Kinerja keuangan Q1 2026 menyoroti profil laba yang berbeda dari ketiga perusahaan di tengah supercycle ini:

SK Hynix: Pendapatan kuartal sebesar KRW 52,58 triliun, laba operasi KRW 37,61 triliun, margin operasi 72%, dan margin bersih 77%. Semua metrik utama mencetak rekor perusahaan. Harga jual rata-rata DRAM naik sekitar 65% secara kuartalan, NAND naik sekitar 75%. Gross margin dan EBITDA margin sama-sama mencapai 79%. Laba non-operasional bersih Q1 sebesar KRW 14 triliun, termasuk KRW 1,6 triliun dari keuntungan selisih kurs dan KRW 9,9 triliun dari revaluasi aset investasi—keduanya bersifat non-recurring.

Samsung Electronics: Bisnis Samsung mencakup chip memori, foundry, smartphone, peralatan rumah tangga, dan lainnya; laba segmen storage tidak dipisahkan secara khusus. Nomura menaikkan target harga Samsung dari KRW 340.000 menjadi KRW 590.000 pada 18 Mei, memproyeksikan permintaan inferensi AI akan memicu siklus baru memori. Meski pasar sangat optimistis terhadap segmen storage Samsung, valuasi keseluruhan masih terbebani oleh divisi non-memori.

Micron Technology: Untuk FY2026 Q3 (berakhir Mei 2026), Micron memproyeksikan pendapatan sekitar $33,5 miliar, naik lebih dari 260% secara tahunan. EPS non-GAAP FY2026 Q2 sekitar $8,42. Seluruh pasokan HBM Micron untuk 2026 telah terjual habis.

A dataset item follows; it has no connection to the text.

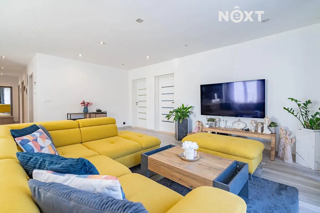 Dům má zastavěnou plochu 216 m². Po vstupu se nachází zádveří se samostatnou šatnou, odkud vede vstup do velmi prostorného obývacího pokoje s velkými francouzskými okny orientovanými do zahrady. Obývací pokoj je propojen s kuchyní, která nabízí dostatek úložného prostoru, vestavnou myčku, elektrickou troubu, mikrovlnnou troubu, indukční varnou desku i lednici. Celý interiér působí vzdušně, je plný přirozeného světla a nabízí příjemnou domácí atmosféru. Z obývacího pokoje lze vstoupit do dětského pokoje.

Perbandingan margin: margin operasi SK Hynix sebesar 72% memimpin industri. KB Securities memproyeksikan margin operasi penuh tahun 2026 SK Hynix di 78,1%, berpotensi menjadi yang tertinggi di industri semikonduktor global—melampaui Nvidia dan Saudi Aramco.

Kerangka Valuasi: Evolusi Target Harga dan Logika Penetapan Harga

Logika valuasi untuk perusahaan-perusahaan ini tengah mengalami perubahan mendasar—dari "penetapan harga siklikal" ke "re-rating struktural". Per 28 Mei 2026, berikut ringkasan target harga dari broker utama:

Perusahaan Broker Target Harga Logika Inti
SK Hynix Nomura (17 Mei) KRW 4.000.000 Pertumbuhan eksponensial permintaan memori AI
SK Hynix KB Securities (15 Mei) KRW 3.000.000 Margin operasi 2026 sebesar 78,1%
SK Hynix Mirae Asset Securities (27 Mei) KRW 3.800.000 Peningkatan ROE dan re-rating valuasi
Micron Technology UBS (26 Mei) $1.625 Laba terkunci LTA + model valuasi re-rating

Sumber: Laporan Nomura 17 Mei; KB Securities 15 Mei; Mirae Asset Securities 27 Mei; UBS 26 Mei.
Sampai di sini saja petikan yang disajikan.